Десятников – человек дела и действия. Это и правильно в наш двадцатый век. Много мы говорим, долго собираемся что нибудь сделать. Иногда все так и кончается разговорами да собраниями. Откладываем до следующего раза, до будущего года, а практически навсегда. Взять хотя бы меня. Я всегда мечтал побывать в Званке, а теперь, попав в Новгород, решил: вот как следующий раз приеду сюда, так и соберусь, обязательно съезжу в Званку. Я, правда, предпринял некоторые шаги. Сходил в областную газету и расспросил, где Званка, как до нее проехать. Мне сказали, что нужен вездеход, а ехать все время по берегу Волхова – километров семьдесят. Я хотел съязвить и спросить, на каких вездеходах ездил туда хозяин Званки в восемнадцатом веке, но придержал язык. Тут выяснилось, что редакционный шофер заболел, и моя идея начала вянуть на корню, а я не стал настаивать или искать новых путей, а решил про себя: в следующий раз.

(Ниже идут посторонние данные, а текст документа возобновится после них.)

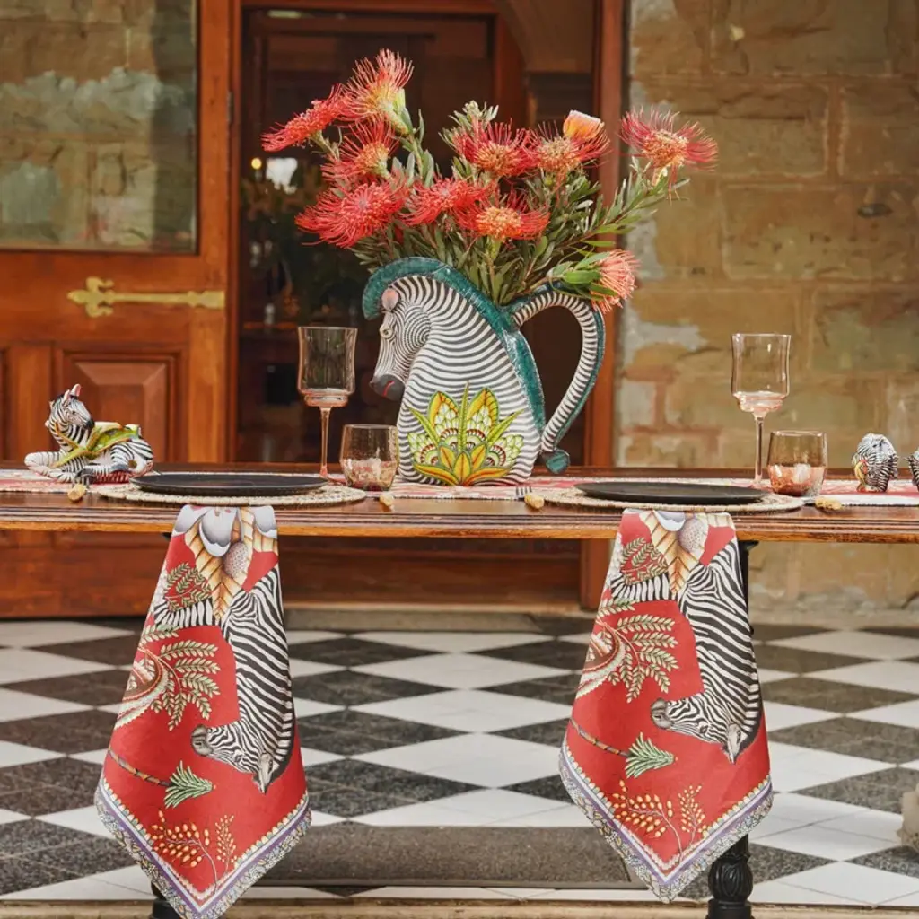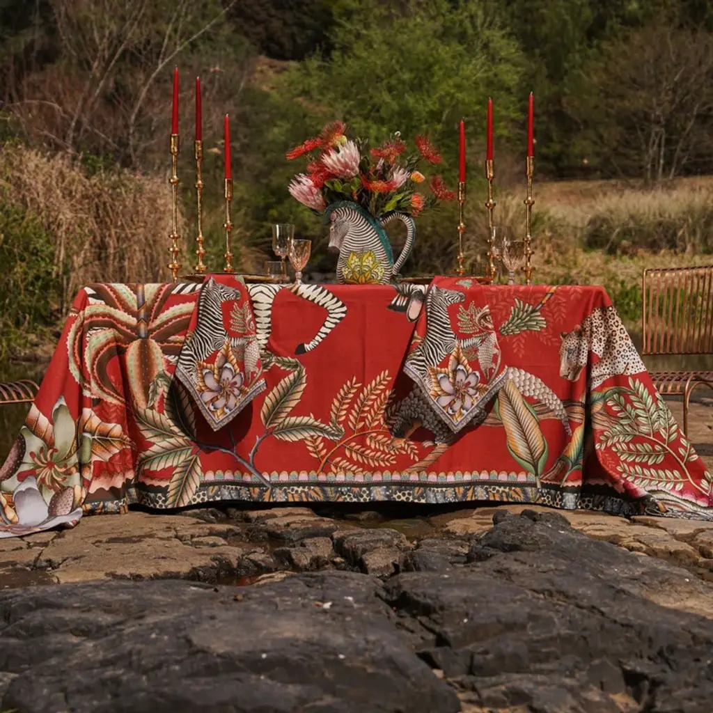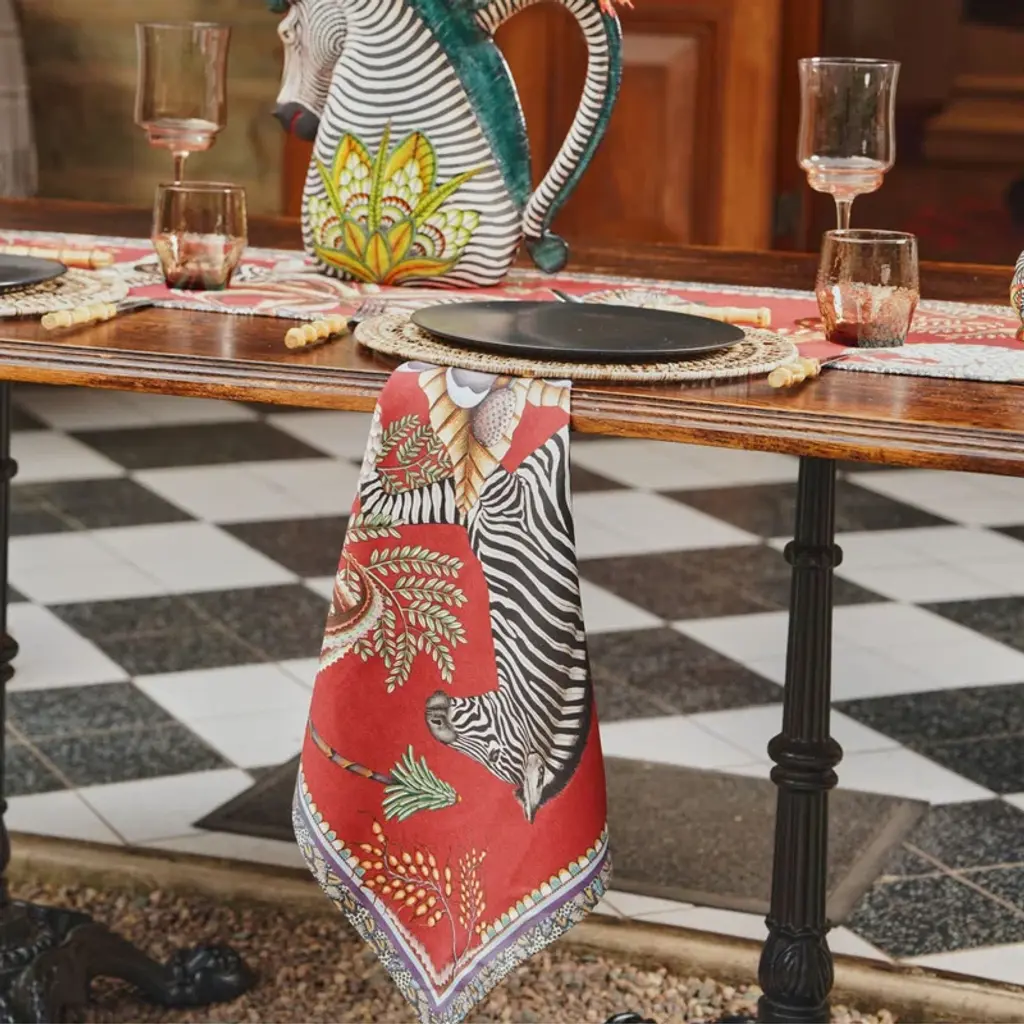 Designed in South Africa by Ardmore design, these napkins are crafted of cotton with a vibrant jungle-inspired pattern and coordinating edges. Featuring intricate artwork which depicts the wildlife of the Zambezi river basin, a leopard sits regally amongst passion flowers and lucky beans, which are associated with magic in Zulu culture. Sold in pairs, our collection of table napkins come in an array of patterns, prints, and colorways, ranging from neutral to wild and wonderful tones, don’t be afraid to mix and match. Every Ardmore napkin is individually cut and sewn in Johannesburg, South Africa.
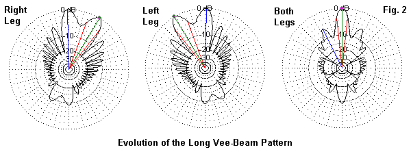 The plots show the patterns for the left and right legs of a planned Vee-beam with 7 wavelength legs. The height of the array is 1 wavelength above average ground. When we combine the two legs, we obtain the pattern at the right. For the leg-lengths that we chose, the main lobes are about 15 degrees off the plane of the wire. By making a Vee with a 30-degree total apex angle, we approach the maximum gain of which the antenna is capable. Obviously, had we selected longer legs, we would have used a narrower apex angle, while shorter legs would have called for a wider angle. If we do not match the angles and the length of the legs, we shall obtain inferior performance.

Оказавшись на борту «Ракеты», я без задней мысли и злого умысла поделился с Володей Десятниковым:

– Конечно, неплохо и без цели всякой прокатиться по Волхову. Но почему бы не воспользоваться «Ракетой» и не съездить в Званку? Для этого нужно желание и согласие всех. Но разве всем тоже не интересно побывать в Званке? Массы податливы. Надо заронить (привнести) идею, создать общественное мнение, а затем предложить. «Ракете» придется развернуться и идти в противоположную сторону. Но не все ли равно «Ракете», куда ей идти?

Володя мгновенно поддержал меня, и мы составили нечто вроде заговора. Мы слышали, как на «Ракете» говорят об Ильмень озере, о Новгородском кремле, о реставраторах Грековых, о чем угодно, только не о Званке. Но эксперимент уже был начат. Володя уже отошел от меня, смешался с «массами», и через пять минут, не более, как бы само собой, неизвестно откуда взявшись, появилось и зазвучало словечко «Званка».

– Званка? А что такое – Званка? Верно, опять какой нибудь развалившийся монастырь? Или, может быть, передовой совхоз?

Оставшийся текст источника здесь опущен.